» **About this task**
Find the line below with "Hermosillo, Sonora.- El" and the line with "Hex #ccde4a Color". Output exactly those lines and everything between them, leaving out the pictures.

» **Material supplied**
Content starts

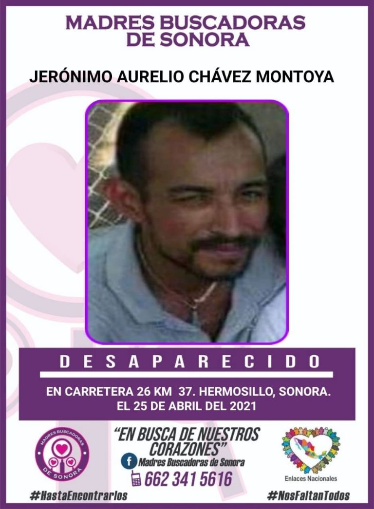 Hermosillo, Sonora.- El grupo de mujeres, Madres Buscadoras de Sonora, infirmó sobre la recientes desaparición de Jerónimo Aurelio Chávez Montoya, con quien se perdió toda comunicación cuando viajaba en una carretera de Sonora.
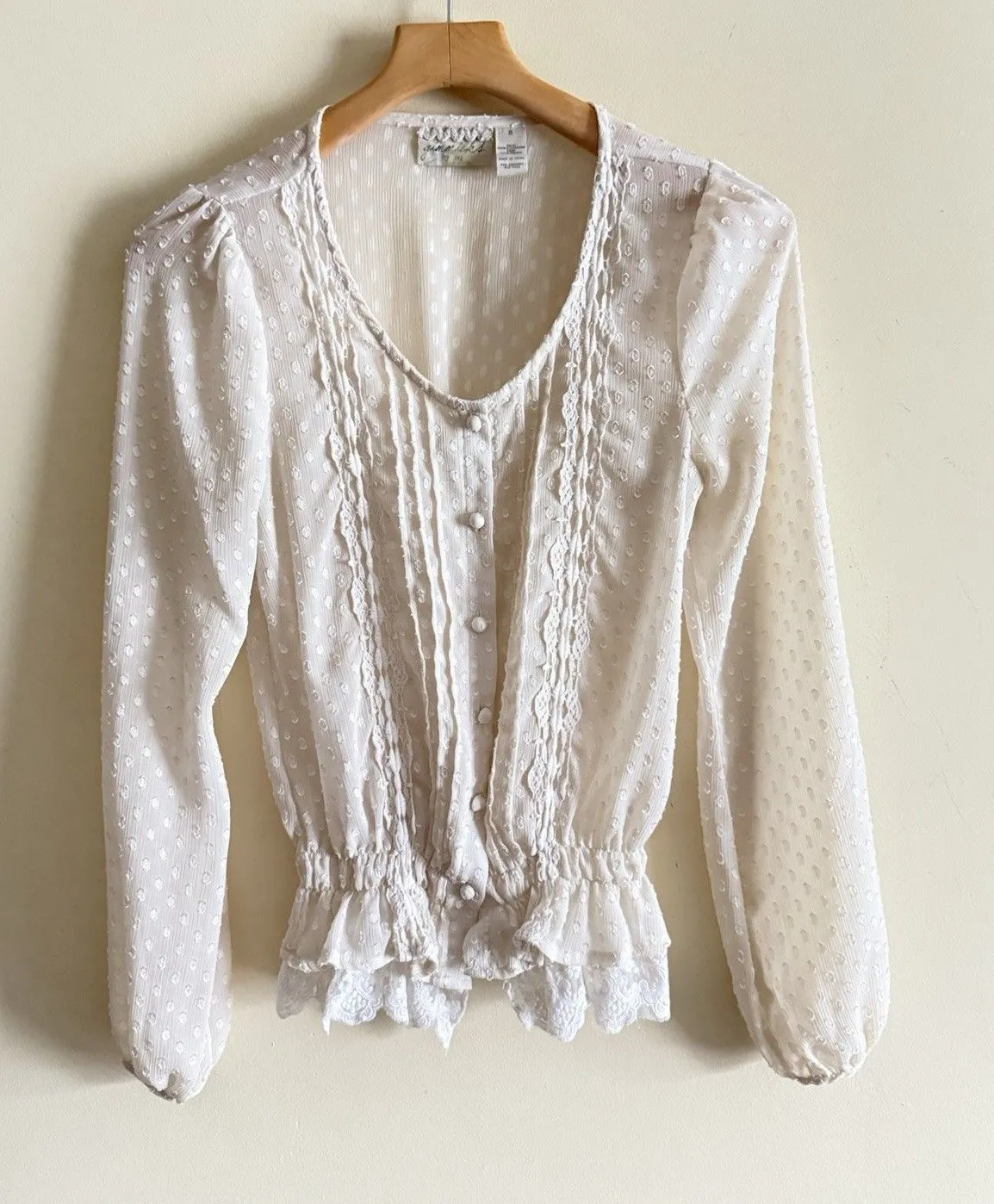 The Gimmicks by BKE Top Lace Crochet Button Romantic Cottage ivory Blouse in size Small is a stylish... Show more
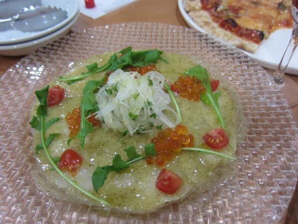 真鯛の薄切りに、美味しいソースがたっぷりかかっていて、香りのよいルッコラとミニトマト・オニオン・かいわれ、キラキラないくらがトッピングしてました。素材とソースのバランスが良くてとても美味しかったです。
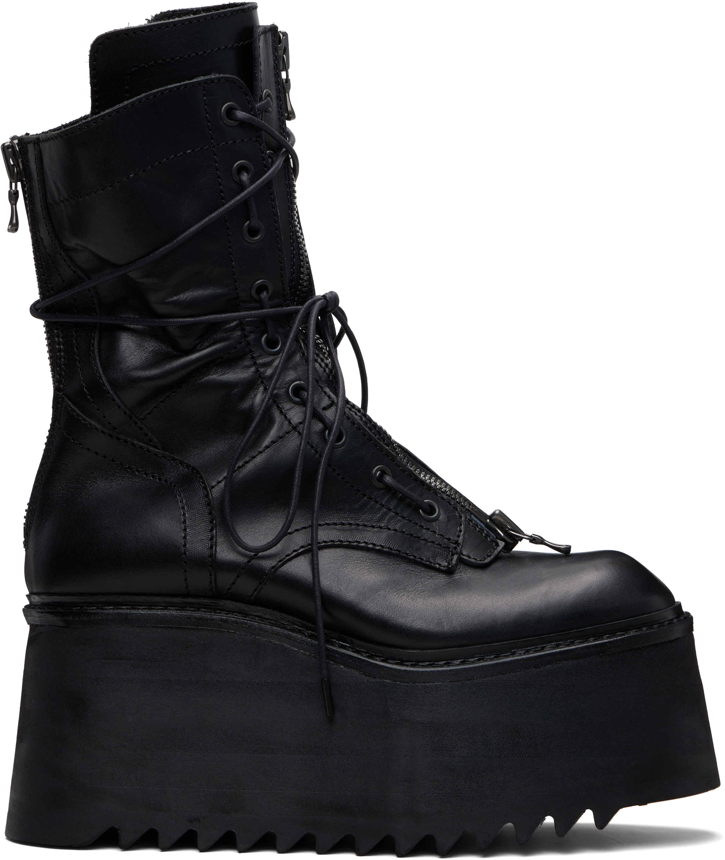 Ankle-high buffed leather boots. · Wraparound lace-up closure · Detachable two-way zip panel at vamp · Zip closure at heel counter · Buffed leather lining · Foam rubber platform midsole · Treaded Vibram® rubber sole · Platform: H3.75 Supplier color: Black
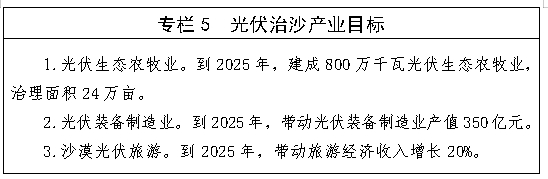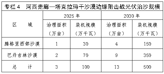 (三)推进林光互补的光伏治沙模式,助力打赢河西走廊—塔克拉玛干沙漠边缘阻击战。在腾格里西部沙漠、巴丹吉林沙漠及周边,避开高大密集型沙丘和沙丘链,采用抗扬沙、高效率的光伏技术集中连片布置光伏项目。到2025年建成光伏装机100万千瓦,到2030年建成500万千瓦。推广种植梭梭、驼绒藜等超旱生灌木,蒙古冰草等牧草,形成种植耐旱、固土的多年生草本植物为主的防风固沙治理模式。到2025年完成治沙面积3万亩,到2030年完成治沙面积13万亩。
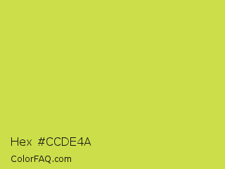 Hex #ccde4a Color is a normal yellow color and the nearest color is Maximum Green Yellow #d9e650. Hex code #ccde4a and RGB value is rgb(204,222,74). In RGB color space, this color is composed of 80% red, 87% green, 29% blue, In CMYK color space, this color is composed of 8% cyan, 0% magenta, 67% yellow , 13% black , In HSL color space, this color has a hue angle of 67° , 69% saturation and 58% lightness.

Content ends
Content starts

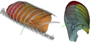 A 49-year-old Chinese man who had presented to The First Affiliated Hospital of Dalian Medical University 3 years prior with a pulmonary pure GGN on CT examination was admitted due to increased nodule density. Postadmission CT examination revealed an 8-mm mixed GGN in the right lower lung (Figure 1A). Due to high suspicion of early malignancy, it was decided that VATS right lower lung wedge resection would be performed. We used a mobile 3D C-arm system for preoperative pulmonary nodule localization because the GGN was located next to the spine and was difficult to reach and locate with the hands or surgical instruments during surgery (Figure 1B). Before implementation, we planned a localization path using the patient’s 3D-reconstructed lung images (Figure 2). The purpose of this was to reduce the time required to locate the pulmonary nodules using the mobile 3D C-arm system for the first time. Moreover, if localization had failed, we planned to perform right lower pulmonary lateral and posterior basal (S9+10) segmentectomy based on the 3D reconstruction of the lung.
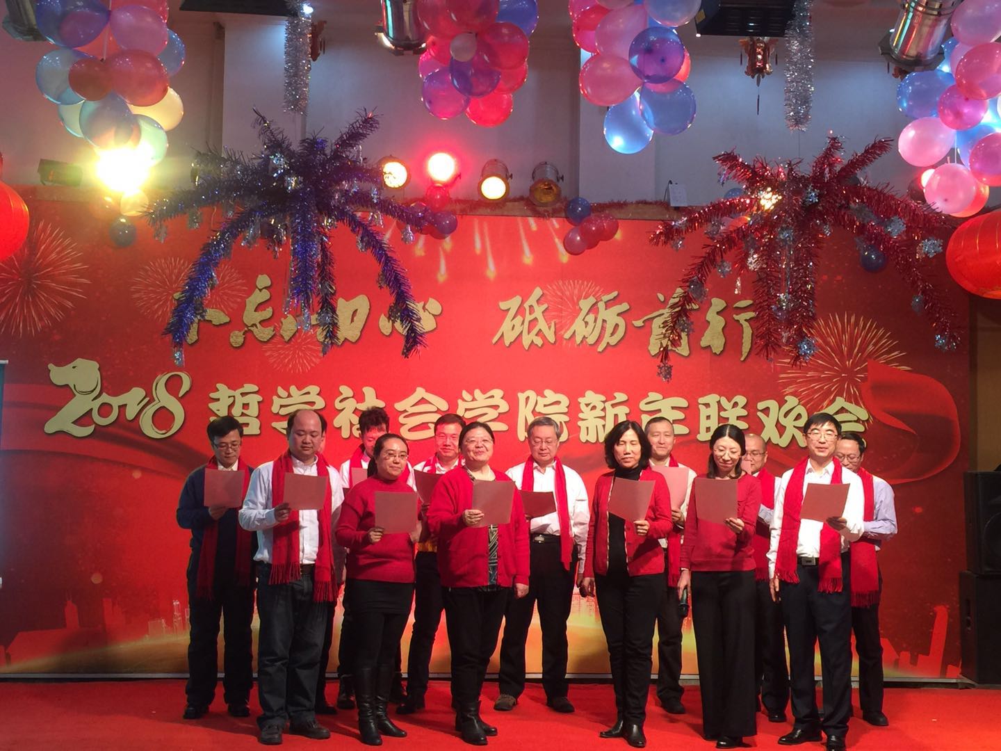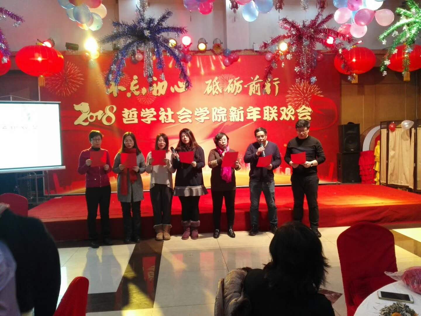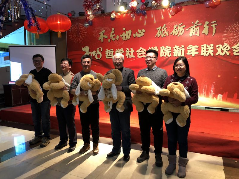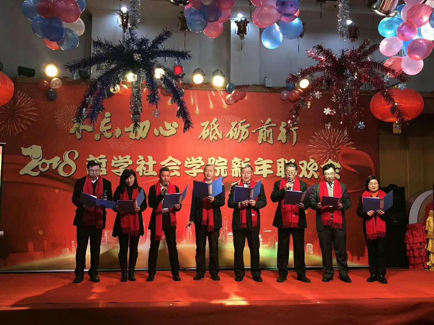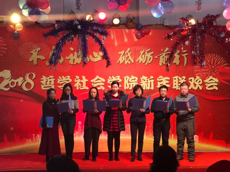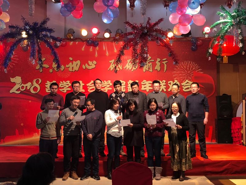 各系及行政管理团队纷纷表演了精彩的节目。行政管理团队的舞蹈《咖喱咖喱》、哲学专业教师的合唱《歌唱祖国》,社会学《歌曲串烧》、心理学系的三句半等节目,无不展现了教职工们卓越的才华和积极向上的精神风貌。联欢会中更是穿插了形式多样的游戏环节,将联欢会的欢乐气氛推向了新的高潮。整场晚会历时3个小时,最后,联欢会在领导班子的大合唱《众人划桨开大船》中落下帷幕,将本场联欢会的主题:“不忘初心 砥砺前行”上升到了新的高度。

Content ends
Content starts

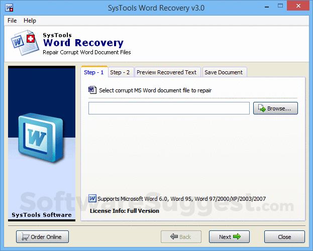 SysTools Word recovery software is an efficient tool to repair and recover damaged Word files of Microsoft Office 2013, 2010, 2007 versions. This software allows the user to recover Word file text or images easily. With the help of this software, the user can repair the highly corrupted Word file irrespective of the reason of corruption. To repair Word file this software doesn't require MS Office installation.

Content ends

» **Task result**
 Hermosillo, Sonora.- El grupo de mujeres, Madres Buscadoras de Sonora, infirmó sobre la recientes desaparición de Jerónimo Aurelio Chávez Montoya, con quien se perdió toda comunicación cuando viajaba en una carretera de Sonora.
 The Gimmicks by BKE Top Lace Crochet Button Romantic Cottage ivory Blouse in size Small is a stylish... Show more
 真鯛の薄切りに、美味しいソースがたっぷりかかっていて、香りのよいルッコラとミニトマト・オニオン・かいわれ、キラキラないくらがトッピングしてました。素材とソースのバランスが良くてとても美味しかったです。
 Ankle-high buffed leather boots. · Wraparound lace-up closure · Detachable two-way zip panel at vamp · Zip closure at heel counter · Buffed leather lining · Foam rubber platform midsole · Treaded Vibram® rubber sole · Platform: H3.75 Supplier color: Black
 (三)推进林光互补的光伏治沙模式,助力打赢河西走廊—塔克拉玛干沙漠边缘阻击战。在腾格里西部沙漠、巴丹吉林沙漠及周边,避开高大密集型沙丘和沙丘链,采用抗扬沙、高效率的光伏技术集中连片布置光伏项目。到2025年建成光伏装机100万千瓦,到2030年建成500万千瓦。推广种植梭梭、驼绒藜等超旱生灌木,蒙古冰草等牧草,形成种植耐旱、固土的多年生草本植物为主的防风固沙治理模式。到2025年完成治沙面积3万亩,到2030年完成治沙面积13万亩。
 Hex #ccde4a Color is a normal yellow color and the nearest color is Maximum Green Yellow #d9e650. Hex code #ccde4a and RGB value is rgb(204,222,74). In RGB color space, this color is composed of 80% red, 87% green, 29% blue, In CMYK color space, this color is composed of 8% cyan, 0% magenta, 67% yellow , 13% black , In HSL color space, this color has a hue angle of 67° , 69% saturation and 58% lightness.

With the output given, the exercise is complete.